ACTION ITEM >> The goal is an unaltered copy of the records below, minus any images.

RECORDED DATA >>
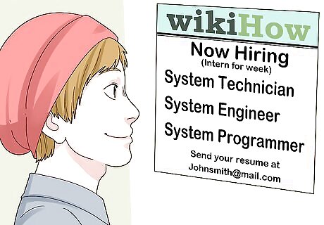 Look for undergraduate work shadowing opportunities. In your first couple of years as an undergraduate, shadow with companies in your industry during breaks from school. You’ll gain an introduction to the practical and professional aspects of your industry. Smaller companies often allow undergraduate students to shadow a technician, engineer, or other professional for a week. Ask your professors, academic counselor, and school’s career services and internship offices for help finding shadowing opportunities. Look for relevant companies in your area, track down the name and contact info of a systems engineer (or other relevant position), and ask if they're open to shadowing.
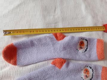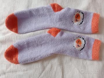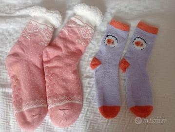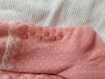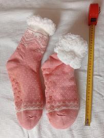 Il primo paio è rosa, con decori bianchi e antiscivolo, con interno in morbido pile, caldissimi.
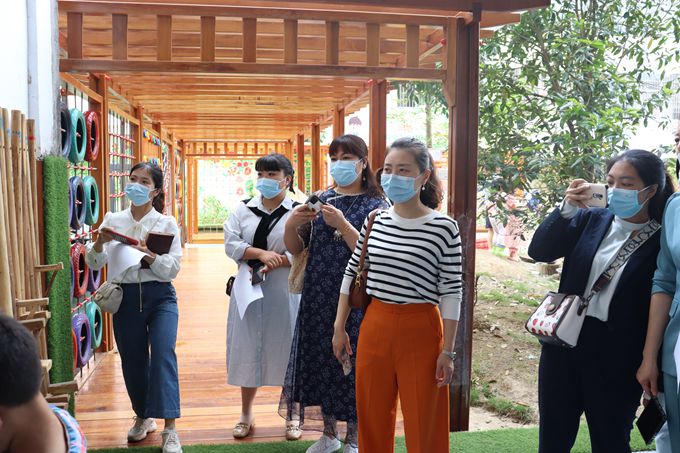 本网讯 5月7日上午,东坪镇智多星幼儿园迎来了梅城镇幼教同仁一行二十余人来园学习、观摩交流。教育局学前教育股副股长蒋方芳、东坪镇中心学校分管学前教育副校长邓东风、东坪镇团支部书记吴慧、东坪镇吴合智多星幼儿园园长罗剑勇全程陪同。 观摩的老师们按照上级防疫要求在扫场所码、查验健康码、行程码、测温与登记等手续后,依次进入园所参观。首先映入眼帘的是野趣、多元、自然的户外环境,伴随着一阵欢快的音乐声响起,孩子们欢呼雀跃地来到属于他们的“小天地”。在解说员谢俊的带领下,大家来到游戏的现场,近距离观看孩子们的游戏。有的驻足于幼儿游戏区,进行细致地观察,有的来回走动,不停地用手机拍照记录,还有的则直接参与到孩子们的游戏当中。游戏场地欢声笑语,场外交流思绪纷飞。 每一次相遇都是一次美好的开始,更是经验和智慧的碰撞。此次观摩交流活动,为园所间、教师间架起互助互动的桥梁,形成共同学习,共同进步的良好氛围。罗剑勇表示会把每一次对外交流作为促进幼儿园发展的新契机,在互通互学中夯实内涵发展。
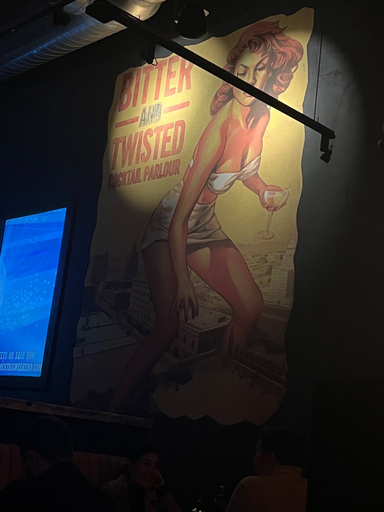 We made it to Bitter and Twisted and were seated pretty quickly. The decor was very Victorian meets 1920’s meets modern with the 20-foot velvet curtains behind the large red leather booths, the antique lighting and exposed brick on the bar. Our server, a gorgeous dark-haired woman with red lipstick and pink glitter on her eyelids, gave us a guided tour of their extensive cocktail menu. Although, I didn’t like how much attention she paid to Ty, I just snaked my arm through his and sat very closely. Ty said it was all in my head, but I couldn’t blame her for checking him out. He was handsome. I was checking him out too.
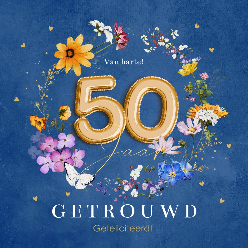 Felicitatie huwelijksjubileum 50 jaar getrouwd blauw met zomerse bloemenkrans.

TASK OUTPUT >>
 Look for undergraduate work shadowing opportunities. In your first couple of years as an undergraduate, shadow with companies in your industry during breaks from school. You’ll gain an introduction to the practical and professional aspects of your industry. Smaller companies often allow undergraduate students to shadow a technician, engineer, or other professional for a week. Ask your professors, academic counselor, and school’s career services and internship offices for help finding shadowing opportunities. Look for relevant companies in your area, track down the name and contact info of a systems engineer (or other relevant position), and ask if they're open to shadowing.
 Il primo paio è rosa, con decori bianchi e antiscivolo, con interno in morbido pile, caldissimi.
 本网讯 5月7日上午,东坪镇智多星幼儿园迎来了梅城镇幼教同仁一行二十余人来园学习、观摩交流。教育局学前教育股副股长蒋方芳、东坪镇中心学校分管学前教育副校长邓东风、东坪镇团支部书记吴慧、东坪镇吴合智多星幼儿园园长罗剑勇全程陪同。 观摩的老师们按照上级防疫要求在扫场所码、查验健康码、行程码、测温与登记等手续后,依次进入园所参观。首先映入眼帘的是野趣、多元、自然的户外环境,伴随着一阵欢快的音乐声响起,孩子们欢呼雀跃地来到属于他们的“小天地”。在解说员谢俊的带领下,大家来到游戏的现场,近距离观看孩子们的游戏。有的驻足于幼儿游戏区,进行细致地观察,有的来回走动,不停地用手机拍照记录,还有的则直接参与到孩子们的游戏当中。游戏场地欢声笑语,场外交流思绪纷飞。 每一次相遇都是一次美好的开始,更是经验和智慧的碰撞。此次观摩交流活动,为园所间、教师间架起互助互动的桥梁,形成共同学习,共同进步的良好氛围。罗剑勇表示会把每一次对外交流作为促进幼儿园发展的新契机,在互通互学中夯实内涵发展。
 We made it to Bitter and Twisted and were seated pretty quickly. The decor was very Victorian meets 1920’s meets modern with the 20-foot velvet curtains behind the large red leather booths, the antique lighting and exposed brick on the bar. Our server, a gorgeous dark-haired woman with red lipstick and pink glitter on her eyelids, gave us a guided tour of their extensive cocktail menu. Although, I didn’t like how much attention she paid to Ty, I just snaked my arm through his and sat very closely. Ty said it was all in my head, but I couldn’t blame her for checking him out. He was handsome. I was checking him out too.
 Felicitatie huwelijksjubileum 50 jaar getrouwd blauw met zomerse bloemenkrans.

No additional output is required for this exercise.